Species of gastropod

Tenaturris bartlettii is a species of sea snail, a marine gastropod mollusk in the family Mangeliidae.

==Description==
The length of the shell varies between 7 mm and 13 mm.

(Original description) The oval shell has a rather acute spire. The protoconch is glassy, dark brown and is inflated. It consists of 1½ whorls, followed by five normal whorls. The color of the shell is pale yellowish, with irregular touches of pale brown especially on the varix . The spiral sculpture consists of numerous fine subequal rounded little-raised threads, with wider interspaces, covering the whole shell and stronger on the siphonal canal.

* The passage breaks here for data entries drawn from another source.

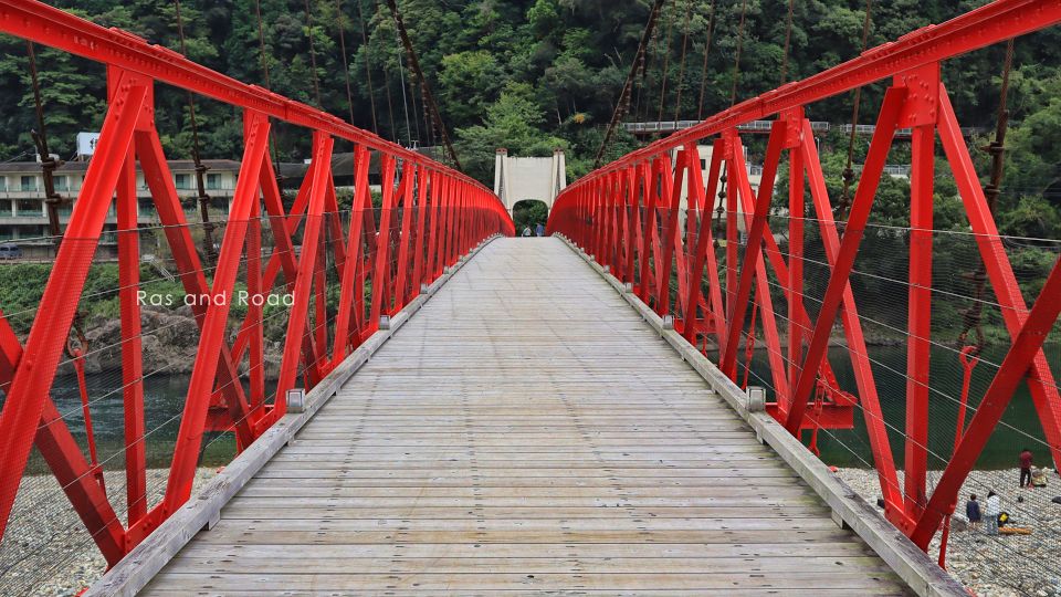 1916(大正05)年08月完成、橋長113mの単径間鋼トラス補剛吊橋、RC主塔。現存最古の近代的吊橋とされる。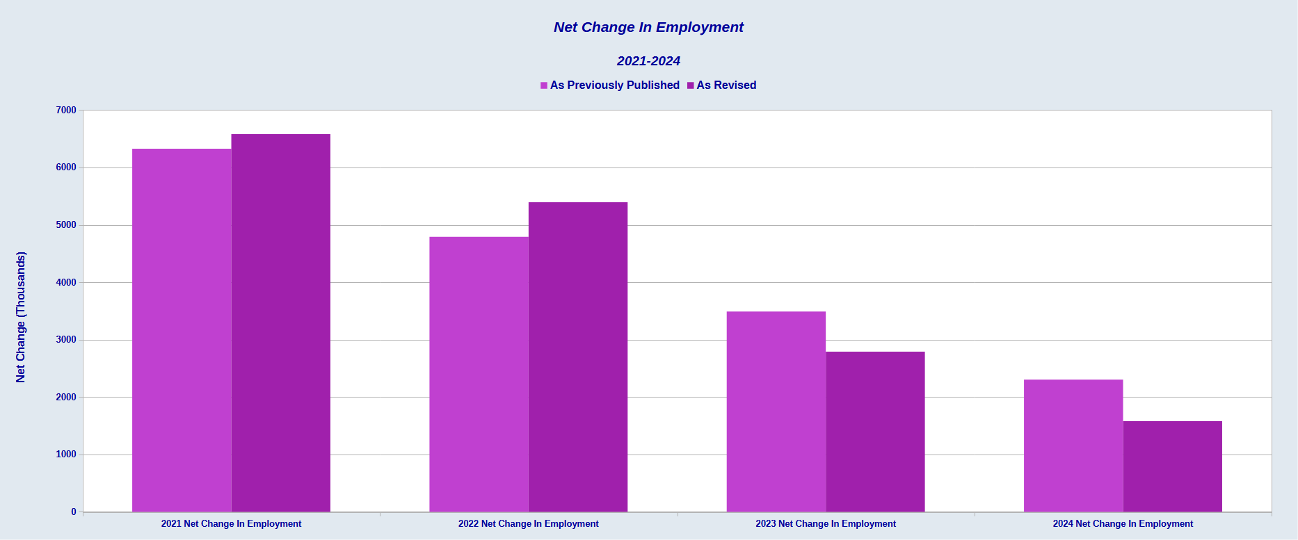 In accordance with annual practice, the establishment survey data released today have been benchmarked to reflect comprehensive counts of payroll jobs for March 2024. These counts are derived principally from the Quarterly Census of Employment and Wages (QCEW), which counts jobs covered by the Unemployment Insurance (UI) tax system. The benchmark process results in revisions to not seasonally adjusted data from April 2023 forward. Seasonally adjusted data from January 2020 forward are subject to revision. In addition, data for some series prior to 2020, both seasonally adjusted and unadjusted, incorporate other revisions.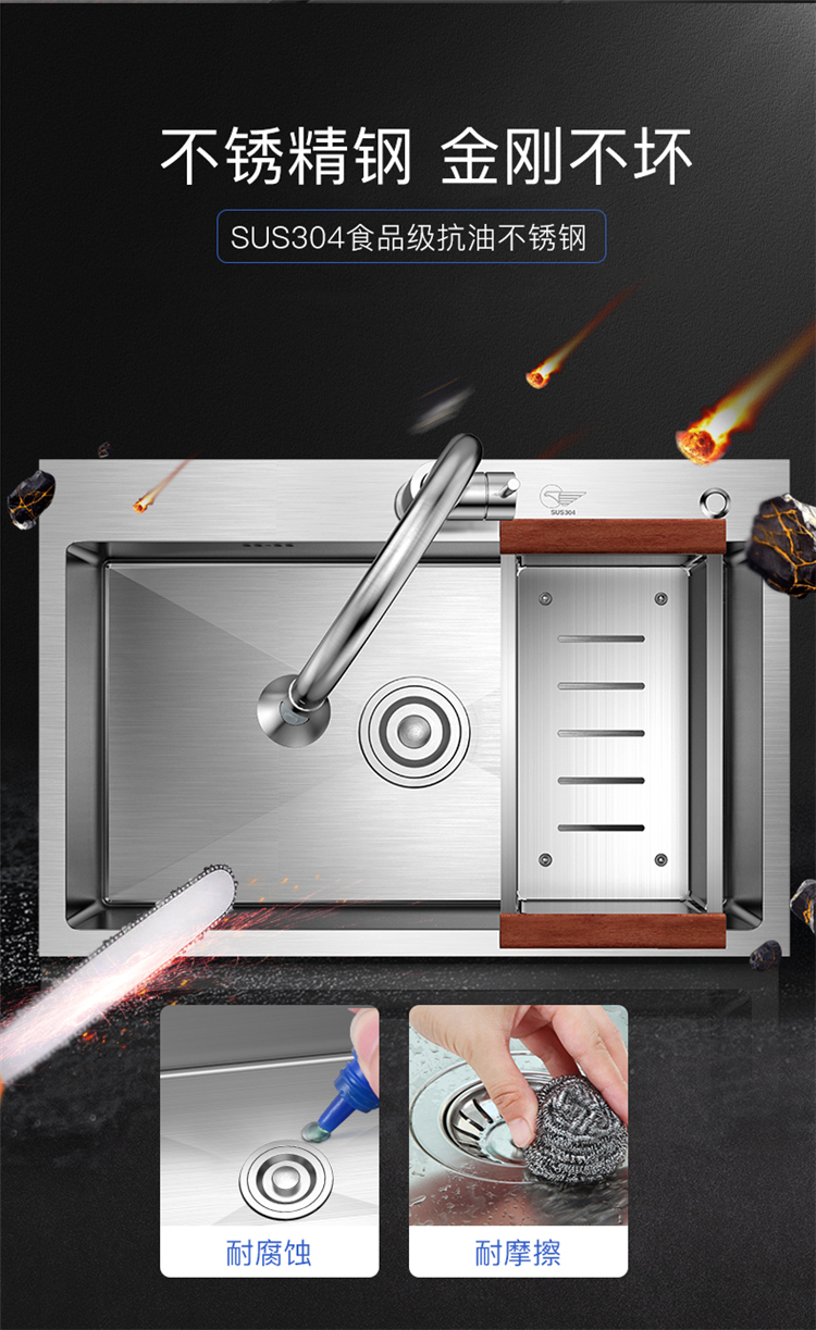 洗菜盆大單槽304不銹鋼廚房面積小于15平方,安裝大單槽較為合理,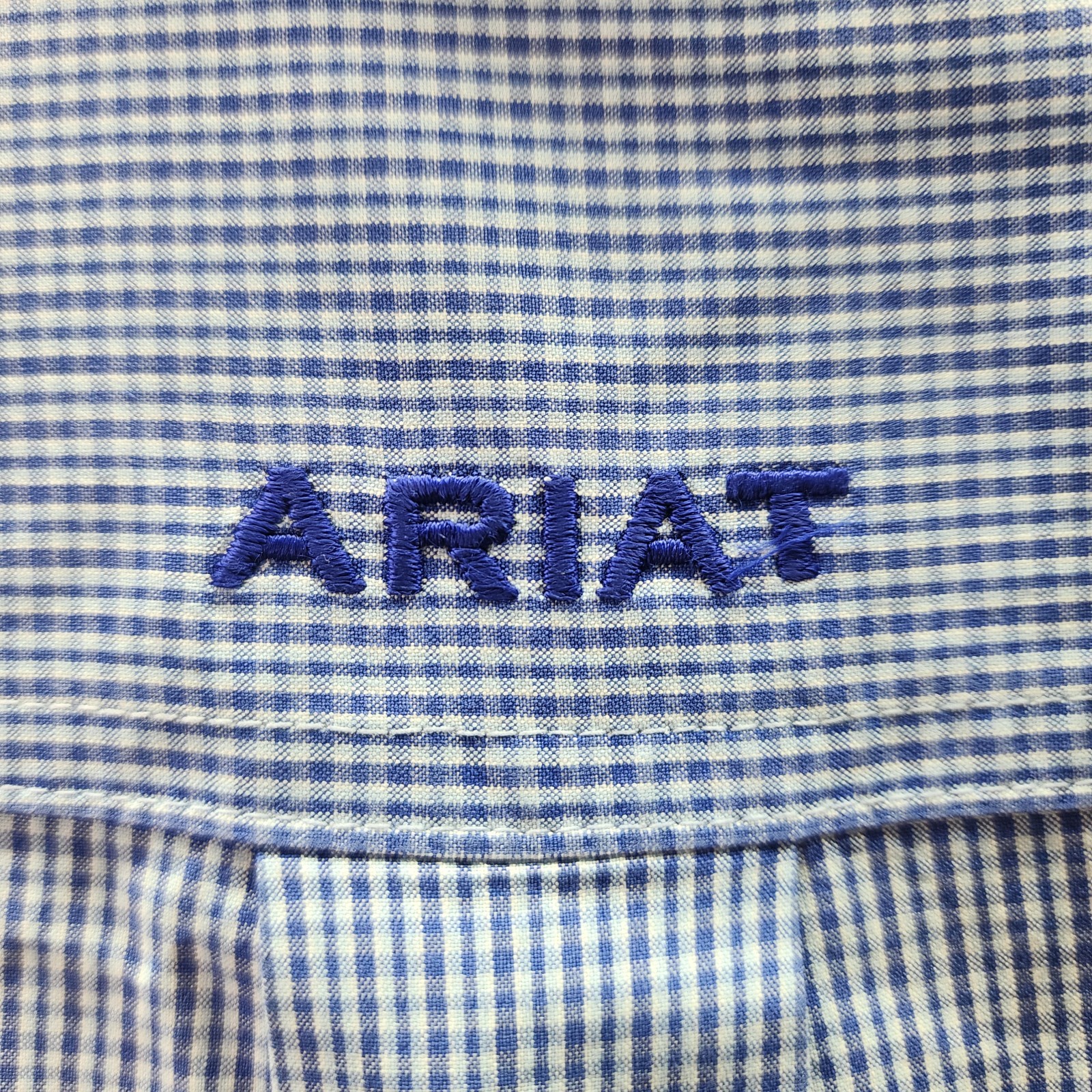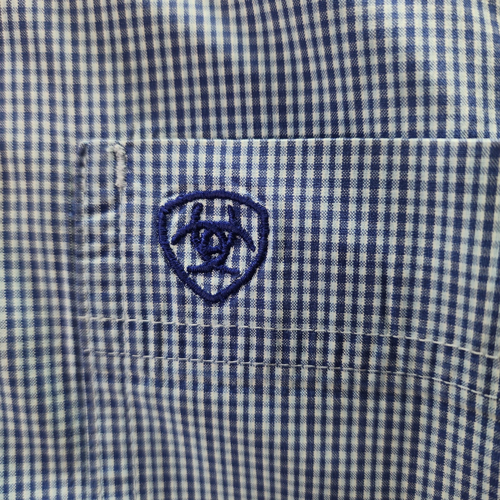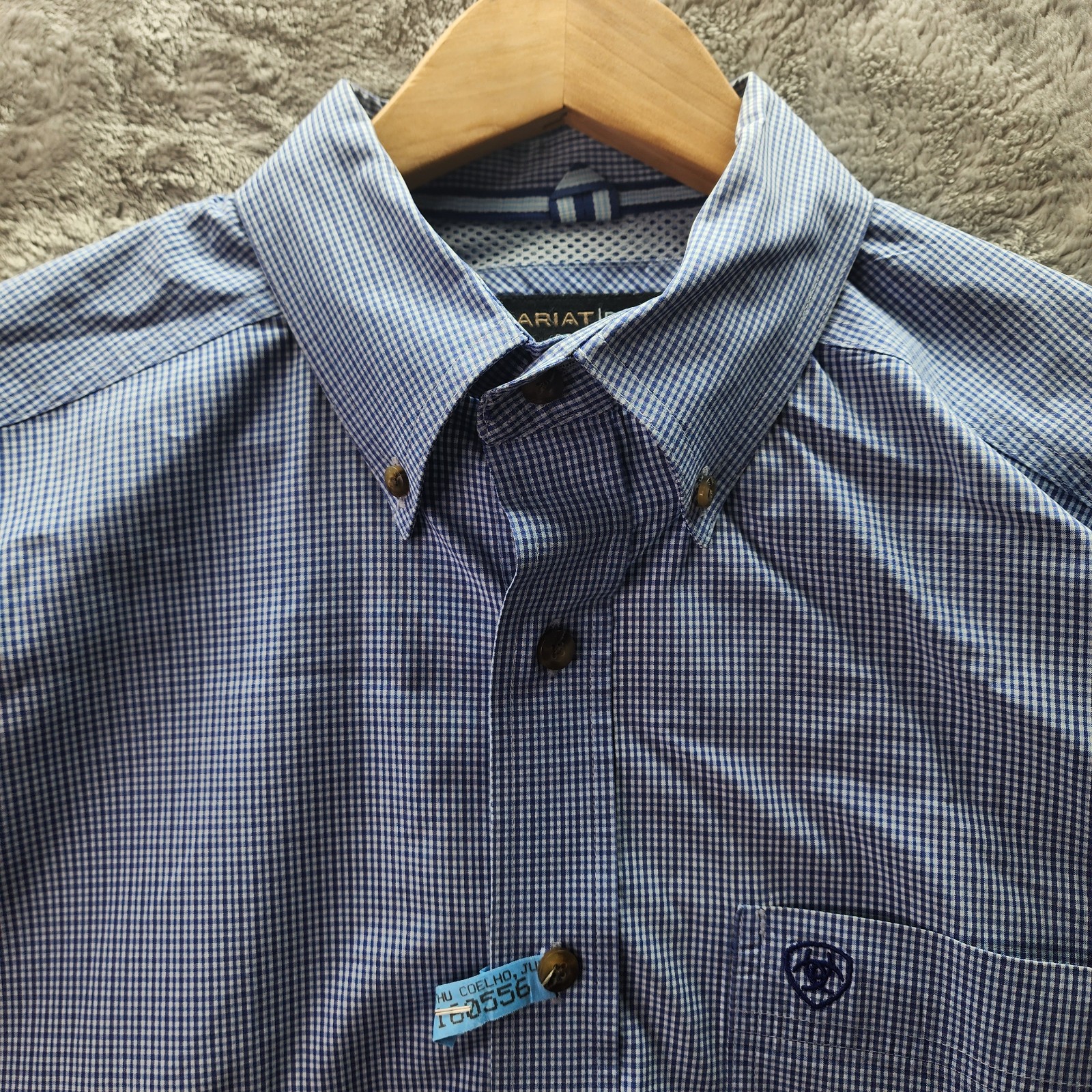 как выглядит Ariat Pro Series Mens L Blue Micro Check Button Down Western Shirt Moisture Wick фото

The transverse sculpture consists of extremely fine close parallel hardly raised incremental lines, visible only with the glass, and traversing the spiral interspaces with great regularity and perfect uniformity. It also shows on the antepenultimate whorl about twenty narrow, little raised, long rounded riblets, starting from the suture and fading away on the base. The spirals run smoothly over the ribs. The fasciole is only visible in the curve of the incremental lines. The notch is narrow, rounded and not deep. The outer lip is reinforced in the adult by a rather thick rounded varix from which the thin sharp edge of the lip stands out prominently, arched forward in the middle, and is not contracted for the siphonal canal. The inner lip is simple. The columella is obliquely trimmed off in front, but is otherwise straight. The siphonal canal is short, wide and not differentiated from the aperture.

==Distribution==
This species occurs in the Caribbean Sea off Colombia, Belize, the Cayman Islands and Cuba, also off Key West, Florida, United States.